**Aim of the exercise**
Could you repeat the listing exactly, leaving out the pictures?
================
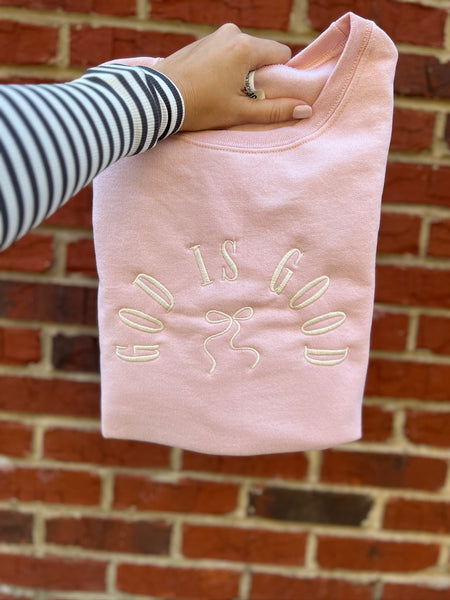 “God Is Good” Embroidered Sweatshirt – Jerzees Light Pink or Cream
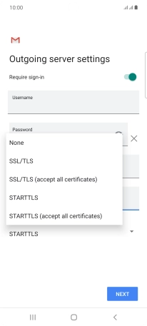 Press the field below "Username" and key in the username for your email the email provider's outgoing server.
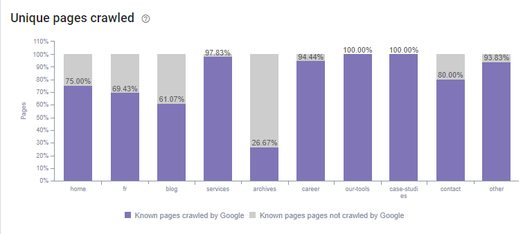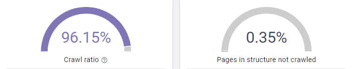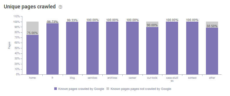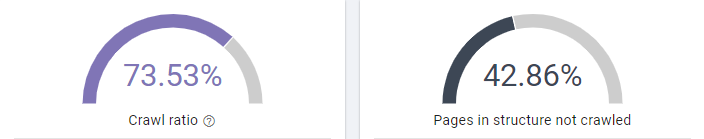 Cela se confirme lorsque l’on regarde le crawl ratio du site et qu’on le compare avec le précédent crawl ratio. Avant, le crawl ratio était de 73.5% ce qui signifie que 26.5% des pages du site Dialekta – connu par Google et Oncrawl – n’étaient pas crawlées par les Googlebots. De plus, 43% des pages présentes dans la structure du site n’étaient pas non plus crawlées.
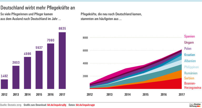 Pflegefachkräfte im Ausland anzuwerben, gilt insbesondere in der Politik als wichtiger Beitrag gegen die großen Personallücken in Deutschland. Zwar ist die Bundesrepublik laut der Untersuchung im internationalen Vergleich „noch weit davon entfernt, als etabliertes Zielland der globalisierten Pflegefachkräftemigration zu gelten“. Im Jahr 2010 hatten knapp sechs Prozent der Pflegekräfte ihre Ausbildung im Ausland absolviert. In Großbritannien oder der Schweiz lag der Anteil zwei- bis dreimal so hoch. Die Vielfalt habe aber bereits in den vergangenen Jahren deutlich zugenommen, heißt es in der Studie. Die wichtigsten Herkunftsländer der neuen Pflegerinnen und Pfleger sind aktuell Bosnien-Herzegowina, Serbien, Rumänien und Albanien. Die ebenfalls hohe Anzahl von Pflegefachkräften aus den Philippinen resultiert aus dem Anwerbeabkommen zwischen Deutschland und den Philippinen. Oft sind die Neueinstellungen Ergebnis gezielter Anwerbeaktionen. In den Herkunftsländern haben sich professionelle Agenturen auf die Vermittlung von Gesundheitspersonal spezialisiert, das mit Sprachkursen auf die Arbeit in Deutschland vorbereitet wird.
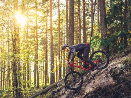 Visa kartanMed sikte på Runn början Sjöstigen med ett lite högre dropp, som även går bra att cykla runt, följt av ett par fartfyllda hopp. Därefter ändrar leden karaktär och blir en mer naturlig men fullt lika utmanande led bland stenar och berghällar. Precis som Baksidan en klassisk led i Källviken.
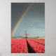 Vertikales Plakat eines bunten Regenbogens in einem dunklen Himmel über einer Windmühle und einem Feld voller leuchtend roter Tulpen während eines Frühjahrssturms in einer Landschaft in der Nähe von Amsterdam in den Niederlanden.
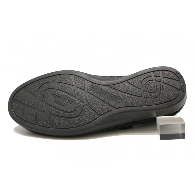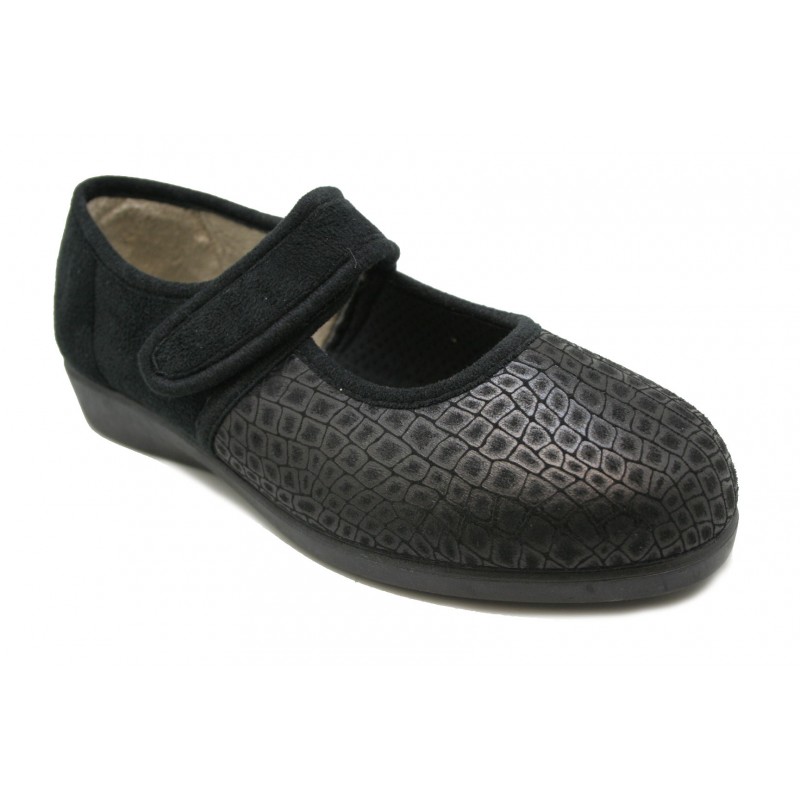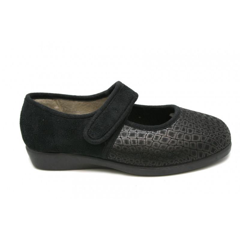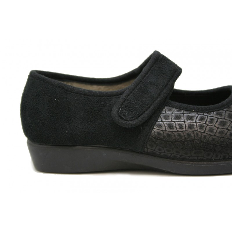 Fantástica zapatilla en ancho especial para mujer. Fabricada en suapel negro y lycra elástica con dibujos. Pespustes y veldro negros. Forro mouton muy cálido. Piso de goma antideslizante.
================
**Written solution**
 “God Is Good” Embroidered Sweatshirt – Jerzees Light Pink or Cream
 Press the field below "Username" and key in the username for your email the email provider's outgoing server.
 Cela se confirme lorsque l’on regarde le crawl ratio du site et qu’on le compare avec le précédent crawl ratio. Avant, le crawl ratio était de 73.5% ce qui signifie que 26.5% des pages du site Dialekta – connu par Google et Oncrawl – n’étaient pas crawlées par les Googlebots. De plus, 43% des pages présentes dans la structure du site n’étaient pas non plus crawlées.
 Pflegefachkräfte im Ausland anzuwerben, gilt insbesondere in der Politik als wichtiger Beitrag gegen die großen Personallücken in Deutschland. Zwar ist die Bundesrepublik laut der Untersuchung im internationalen Vergleich „noch weit davon entfernt, als etabliertes Zielland der globalisierten Pflegefachkräftemigration zu gelten“. Im Jahr 2010 hatten knapp sechs Prozent der Pflegekräfte ihre Ausbildung im Ausland absolviert. In Großbritannien oder der Schweiz lag der Anteil zwei- bis dreimal so hoch. Die Vielfalt habe aber bereits in den vergangenen Jahren deutlich zugenommen, heißt es in der Studie. Die wichtigsten Herkunftsländer der neuen Pflegerinnen und Pfleger sind aktuell Bosnien-Herzegowina, Serbien, Rumänien und Albanien. Die ebenfalls hohe Anzahl von Pflegefachkräften aus den Philippinen resultiert aus dem Anwerbeabkommen zwischen Deutschland und den Philippinen. Oft sind die Neueinstellungen Ergebnis gezielter Anwerbeaktionen. In den Herkunftsländern haben sich professionelle Agenturen auf die Vermittlung von Gesundheitspersonal spezialisiert, das mit Sprachkursen auf die Arbeit in Deutschland vorbereitet wird.
 Visa kartanMed sikte på Runn början Sjöstigen med ett lite högre dropp, som även går bra att cykla runt, följt av ett par fartfyllda hopp. Därefter ändrar leden karaktär och blir en mer naturlig men fullt lika utmanande led bland stenar och berghällar. Precis som Baksidan en klassisk led i Källviken.
 Vertikales Plakat eines bunten Regenbogens in einem dunklen Himmel über einer Windmühle und einem Feld voller leuchtend roter Tulpen während eines Frühjahrssturms in einer Landschaft in der Nähe von Amsterdam in den Niederlanden.
 Fantástica zapatilla en ancho especial para mujer. Fabricada en suapel negro y lycra elástica con dibujos. Pespustes y veldro negros. Forro mouton muy cálido. Piso de goma antideslizante.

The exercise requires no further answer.